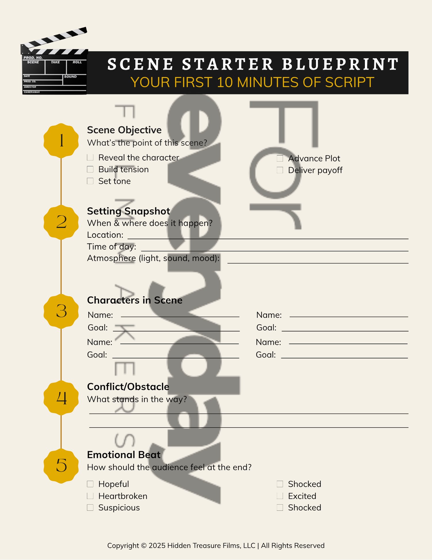 Jumpstart your screenplay with the Scene Starter Blueprint, a one-page, fill-in-the-blank guide that helps you plan compelling scenes with clarity and confidence. This blueprint walks you through essential storytelling elements so every scene drives your story forward.
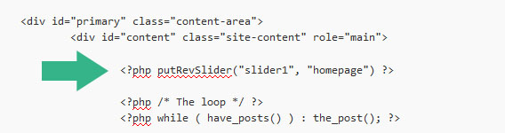 <?php putRevSlider("slider1", "homepage") ?> // 홈페이지 에서만 "slider1"을 출력한다.
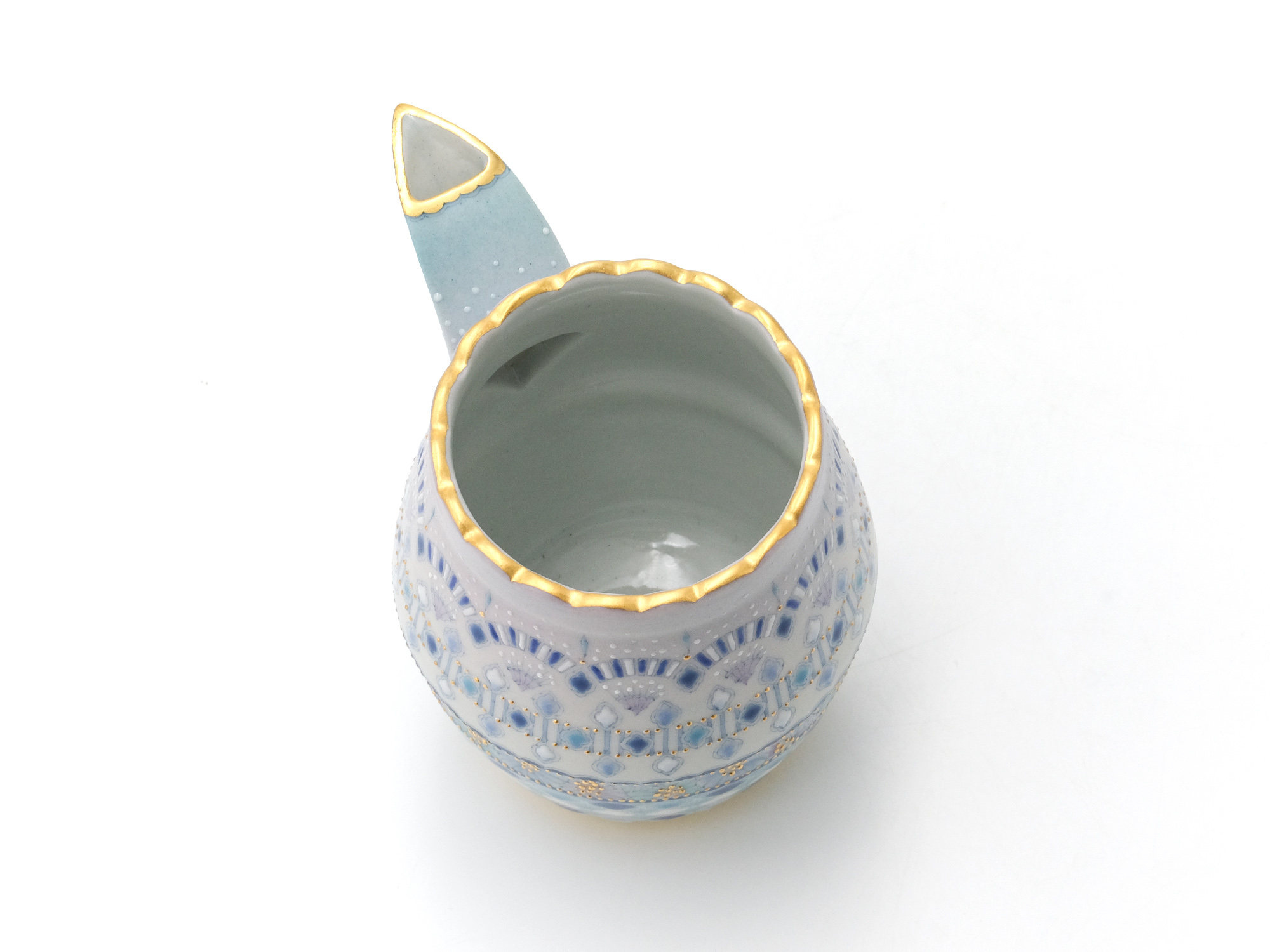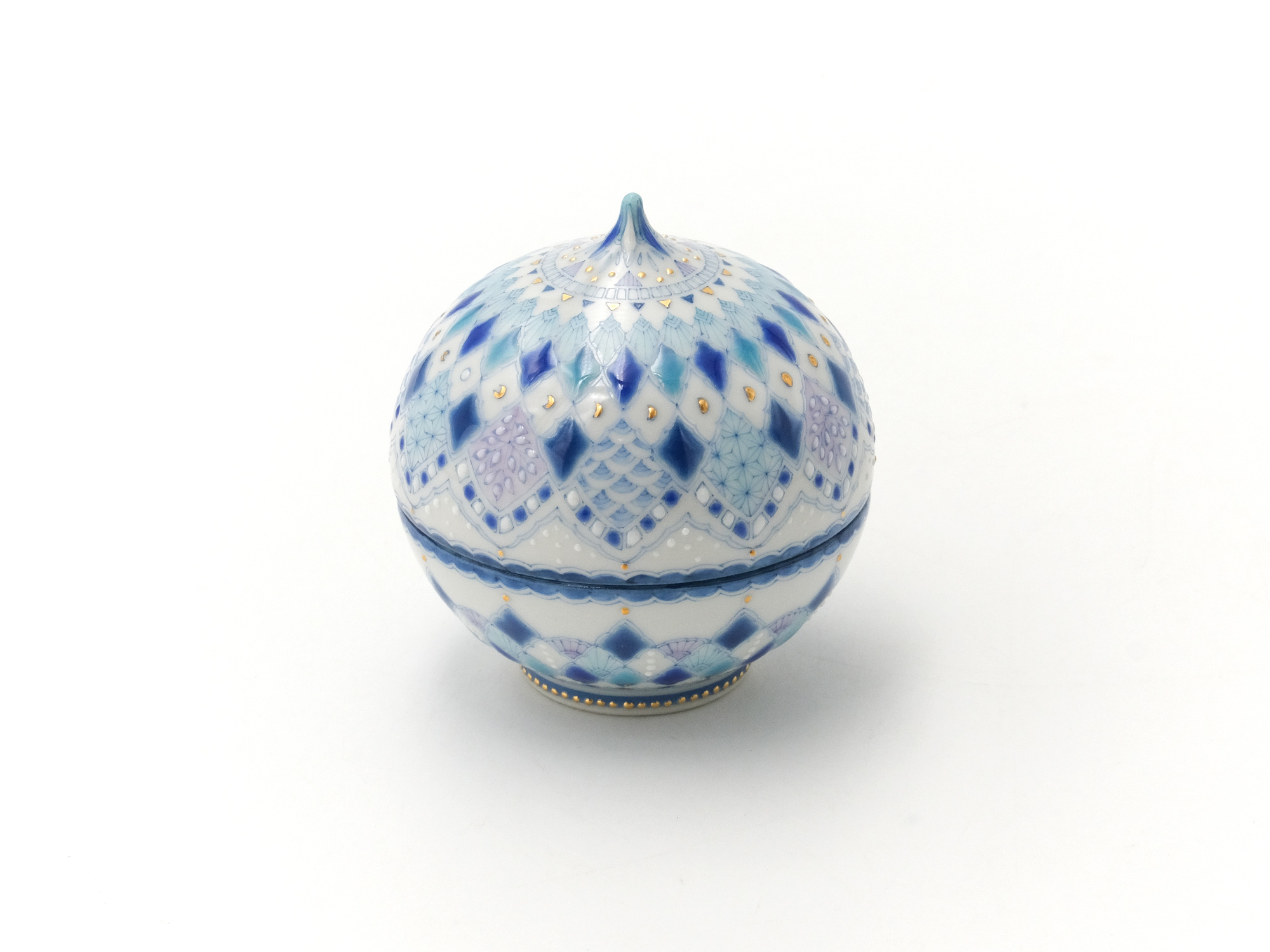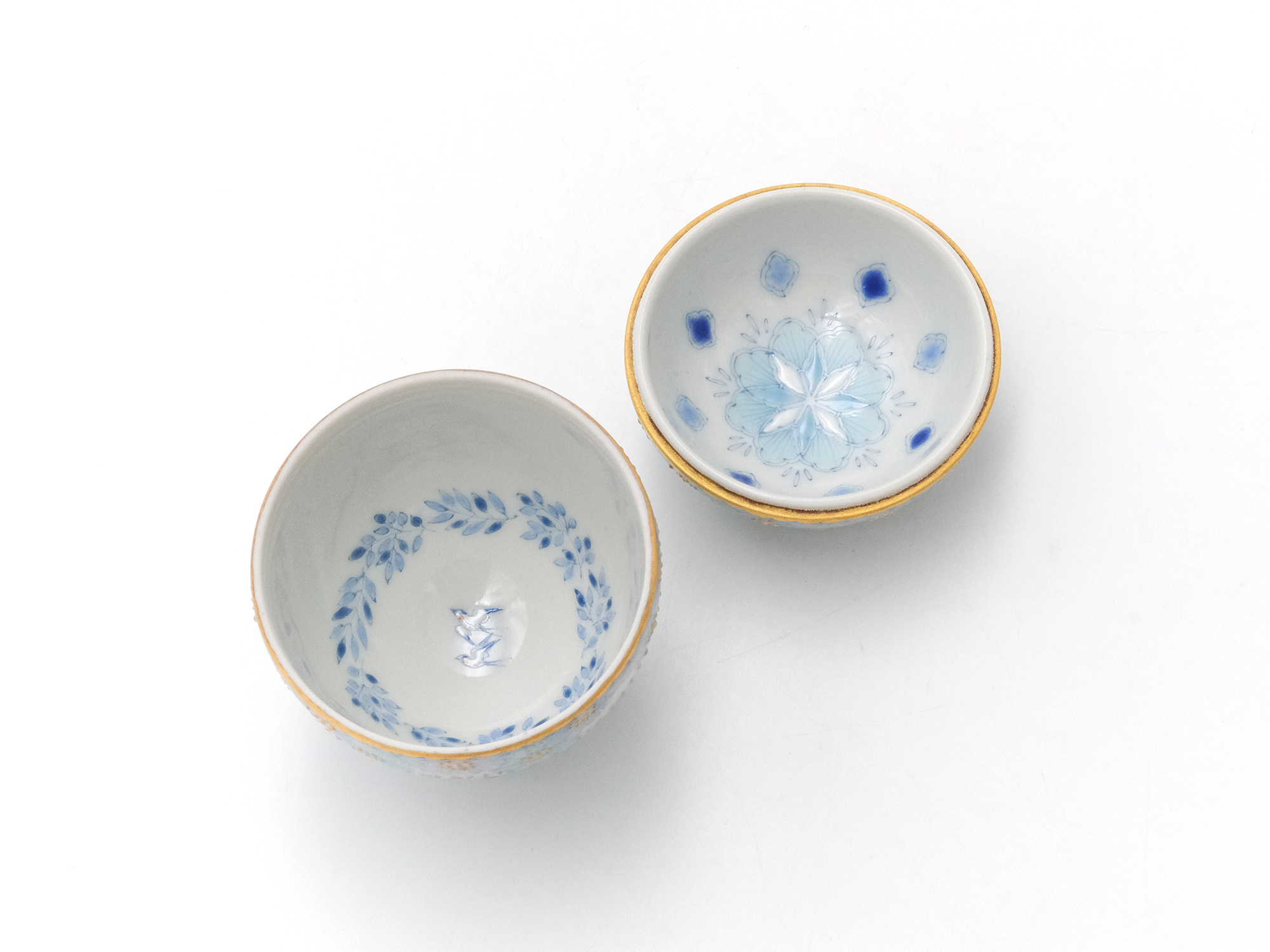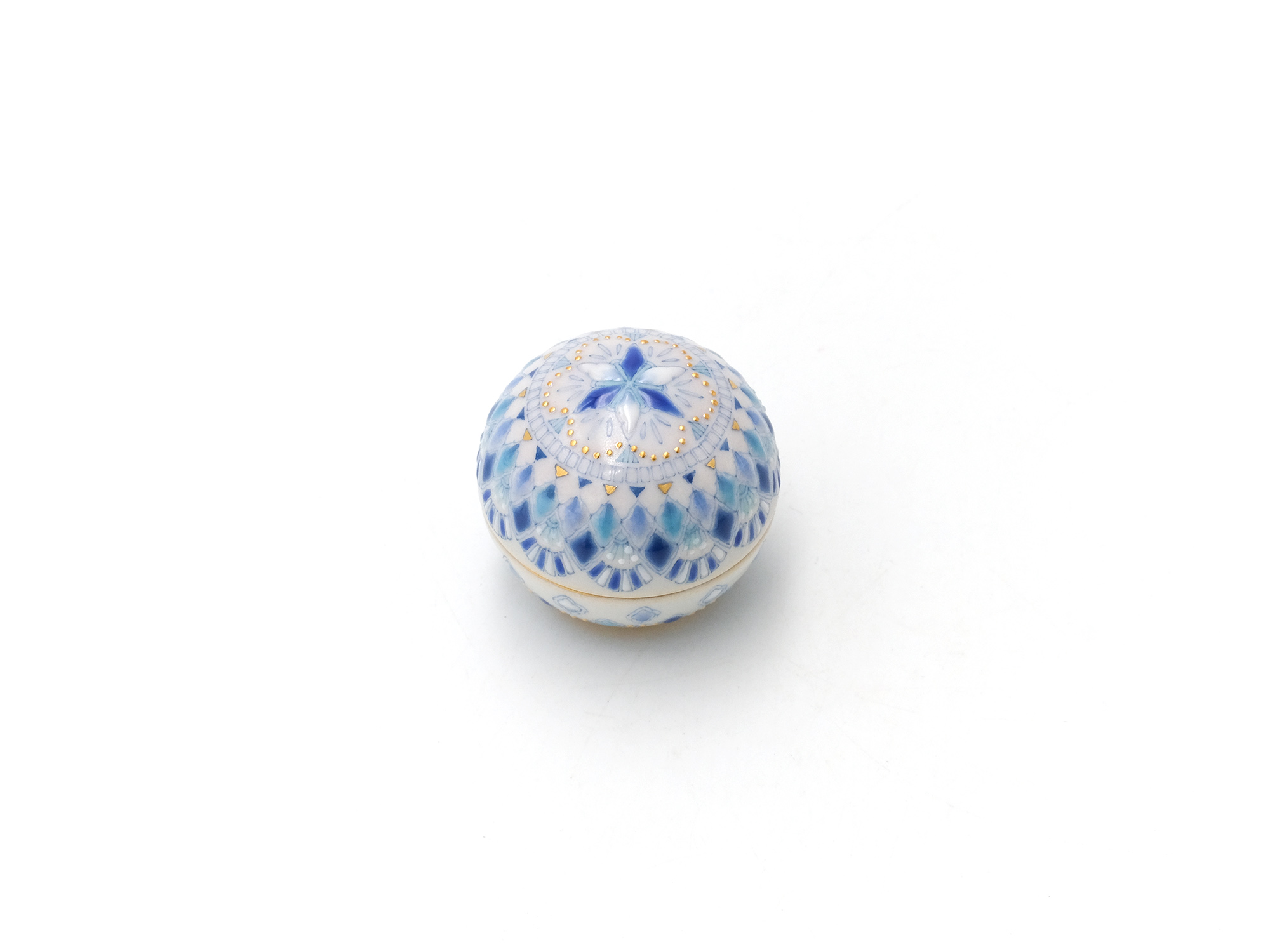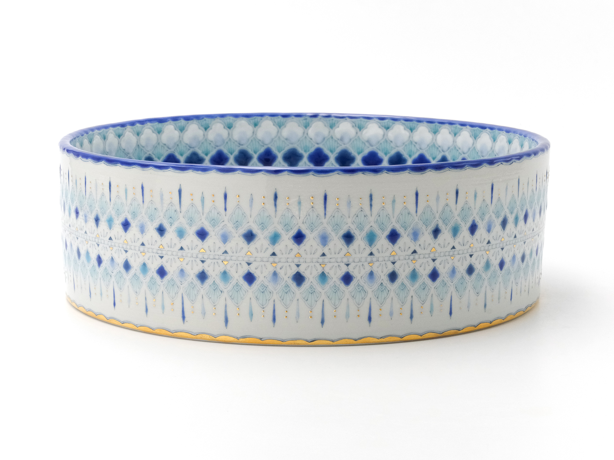 早助千晴さんは、石川県の金沢市で、磁器に美しい絵付けをなさる九谷焼の女流作家です。 その作品は青色を基本に、エキゾチックで細かな幾何学文様が描かれています。 その文様のモチーフは月の満ち欠けや星といったもので、彼女が描く世界観は、他の誰とも似ておらず、唯一無二のものです。 旅へといざなう様な異国情緒漂う作品と、心豊かで誠実なお人柄も相まって、愛陶家の皆様の心を掴んで離しません。もちろん、かくいう私も早助ファンの一人です。
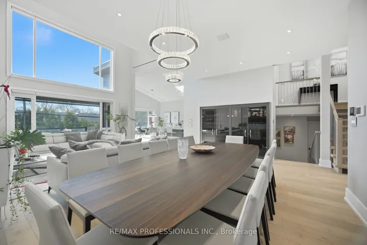 +"PublicRemarks": "Exceptional opportunity to own this sophisticated custom-built residence in the prestigious Princess-Rosethorn community, one of Toronto most coveted neighbourhoods. This architectural masterpiece was designed and built with attention to detail inside and out. Modern house offers over 7,500 sq. Ft. of finished living space across all levels. 5+1bedrooms, 7 washrooms, 7' wide engineered hardwood, all tiled floors heated, all washrooms vanities have natural quartz countertops, 6 contemporary skylights. Spectacular main entrance, foyer with 12 Ft. ceiling, porcelain floor. Private office with custom cabinetry. The main floor delivers an open concept living-dining area. Filled with natural light, oversized windows with motorized blinds, 20/25 Ft. cathedral ceilings, a built-in temperature-controlled wine cellar and a gas fireplace. An Impressive chef's dream kitchen with premium Miele appliances, 72' fridge, gas stove, built-in dishwasher, oven and microwave, 215'x280' island, quartz countertops, 32'x32' porcelain tiles floor, 11/16 Ft. cathedral ceiling, skylight, breakfast area and W/O to patio. Two primary bedrooms on main floor. One with a huge W/I closet, spa-inspired 6pc. washroom and skylight. Second prim bedroom with W/I closet and 3pc. ensuite. Library - as a bonus room on the second floor with custom cabinetry, B/I shelves and skylight. Incredibly finished walk-up basement, above-grade windows, laminate floor, 9,5 Ft. ceiling, huge recreation and sport area, wet bar with quartz countertop, wine fridge, and electric fireplace. Separate nanny suite with W/I closet, 3pc. washroom. Excellent house, tons of storage space, west-facing backyard with lawn sprinkler system, covered patio with motorized pergola and B/I BBQ. Metal roof, security camera system, back up generator, snow melt system, driveway. Close to schools, parks, golf clubs, HWY's and 15 minutes to Pearson Airport."
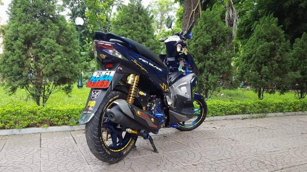 Cặp phuộc bình dầu rời này thực chất lấy từ phuộc Yamaha NVX phiên bản Camo, lò xo được đổi màu cho giống màu bình dầu vô cùng nổi bật, do phuộc NVX thấp hơn nên chủ xe xài thêm 2 cục đôn phuộc bên dưới, cặp mâm được sơn màu xanh rất đẹp mắt, dè sau gắn thêm xinhan nút áo.
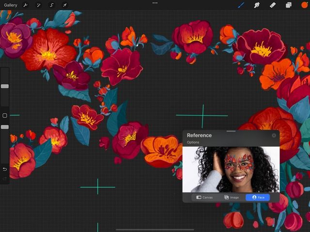 You can also activate FacePaint by tapping Actions > Canvas > Reference toggle to open the Reference Companion. Tap the Face button on the Reference Companion window. You will a see video captured from your iPad’s front facing camera in the Reference Companion window.
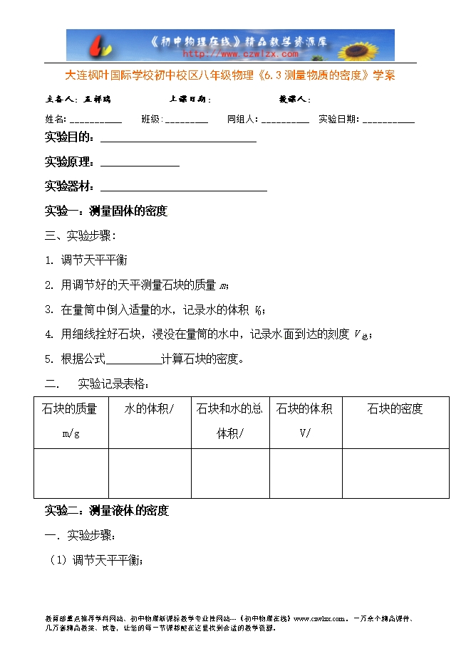 大连枫叶国际学校初中校区八年级物理《6.3测量物质的密度》学案
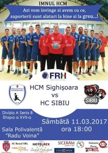 Sâmbătă suntem aşteptaţi la meci pentru a susţine echipa oraşului HCM Sighişoara în partida pe care o vor disputa de la ora 18.00 la Sala Polivalenta Radu Voina în compania echipei HC Sibiu.
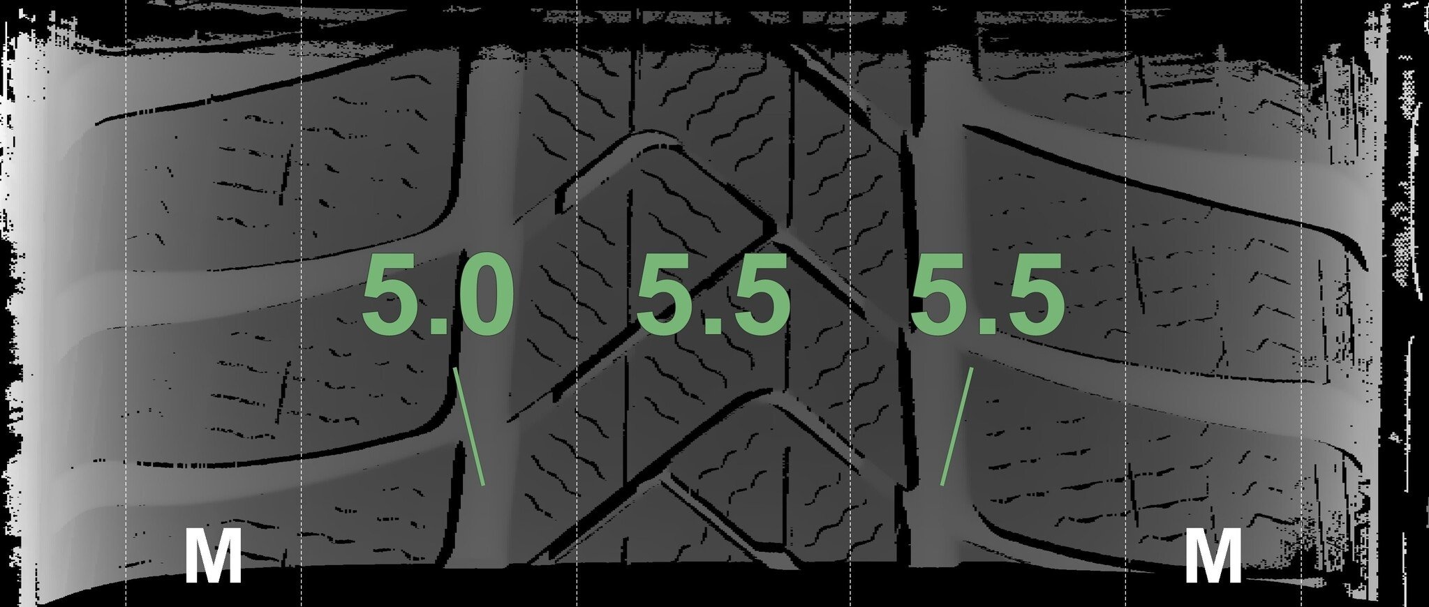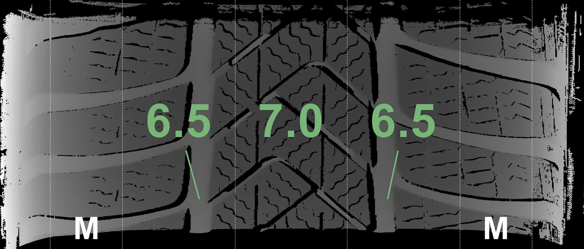 Die gemessenen Profiltiefen und die Details der Felgen sind oben dargestellt.

○ ○ ○

What the task requires: Would you retype the listing above exactly, omitting its pictures?

Result below:
 Jumpstart your screenplay with the Scene Starter Blueprint, a one-page, fill-in-the-blank guide that helps you plan compelling scenes with clarity and confidence. This blueprint walks you through essential storytelling elements so every scene drives your story forward.
 <?php putRevSlider("slider1", "homepage") ?> // 홈페이지 에서만 "slider1"을 출력한다.
 早助千晴さんは、石川県の金沢市で、磁器に美しい絵付けをなさる九谷焼の女流作家です。 その作品は青色を基本に、エキゾチックで細かな幾何学文様が描かれています。 その文様のモチーフは月の満ち欠けや星といったもので、彼女が描く世界観は、他の誰とも似ておらず、唯一無二のものです。 旅へといざなう様な異国情緒漂う作品と、心豊かで誠実なお人柄も相まって、愛陶家の皆様の心を掴んで離しません。もちろん、かくいう私も早助ファンの一人です。
 +"PublicRemarks": "Exceptional opportunity to own this sophisticated custom-built residence in the prestigious Princess-Rosethorn community, one of Toronto most coveted neighbourhoods. This architectural masterpiece was designed and built with attention to detail inside and out. Modern house offers over 7,500 sq. Ft. of finished living space across all levels. 5+1bedrooms, 7 washrooms, 7' wide engineered hardwood, all tiled floors heated, all washrooms vanities have natural quartz countertops, 6 contemporary skylights. Spectacular main entrance, foyer with 12 Ft. ceiling, porcelain floor. Private office with custom cabinetry. The main floor delivers an open concept living-dining area. Filled with natural light, oversized windows with motorized blinds, 20/25 Ft. cathedral ceilings, a built-in temperature-controlled wine cellar and a gas fireplace. An Impressive chef's dream kitchen with premium Miele appliances, 72' fridge, gas stove, built-in dishwasher, oven and microwave, 215'x280' island, quartz countertops, 32'x32' porcelain tiles floor, 11/16 Ft. cathedral ceiling, skylight, breakfast area and W/O to patio. Two primary bedrooms on main floor. One with a huge W/I closet, spa-inspired 6pc. washroom and skylight. Second prim bedroom with W/I closet and 3pc. ensuite. Library - as a bonus room on the second floor with custom cabinetry, B/I shelves and skylight. Incredibly finished walk-up basement, above-grade windows, laminate floor, 9,5 Ft. ceiling, huge recreation and sport area, wet bar with quartz countertop, wine fridge, and electric fireplace. Separate nanny suite with W/I closet, 3pc. washroom. Excellent house, tons of storage space, west-facing backyard with lawn sprinkler system, covered patio with motorized pergola and B/I BBQ. Metal roof, security camera system, back up generator, snow melt system, driveway. Close to schools, parks, golf clubs, HWY's and 15 minutes to Pearson Airport."
 Cặp phuộc bình dầu rời này thực chất lấy từ phuộc Yamaha NVX phiên bản Camo, lò xo được đổi màu cho giống màu bình dầu vô cùng nổi bật, do phuộc NVX thấp hơn nên chủ xe xài thêm 2 cục đôn phuộc bên dưới, cặp mâm được sơn màu xanh rất đẹp mắt, dè sau gắn thêm xinhan nút áo.
 You can also activate FacePaint by tapping Actions > Canvas > Reference toggle to open the Reference Companion. Tap the Face button on the Reference Companion window. You will a see video captured from your iPad’s front facing camera in the Reference Companion window.
 大连枫叶国际学校初中校区八年级物理《6.3测量物质的密度》学案
 Sâmbătă suntem aşteptaţi la meci pentru a susţine echipa oraşului HCM Sighişoara în partida pe care o vor disputa de la ora 18.00 la Sala Polivalenta Radu Voina în compania echipei HC Sibiu.
 Die gemessenen Profiltiefen und die Details der Felgen sind oben dargestellt.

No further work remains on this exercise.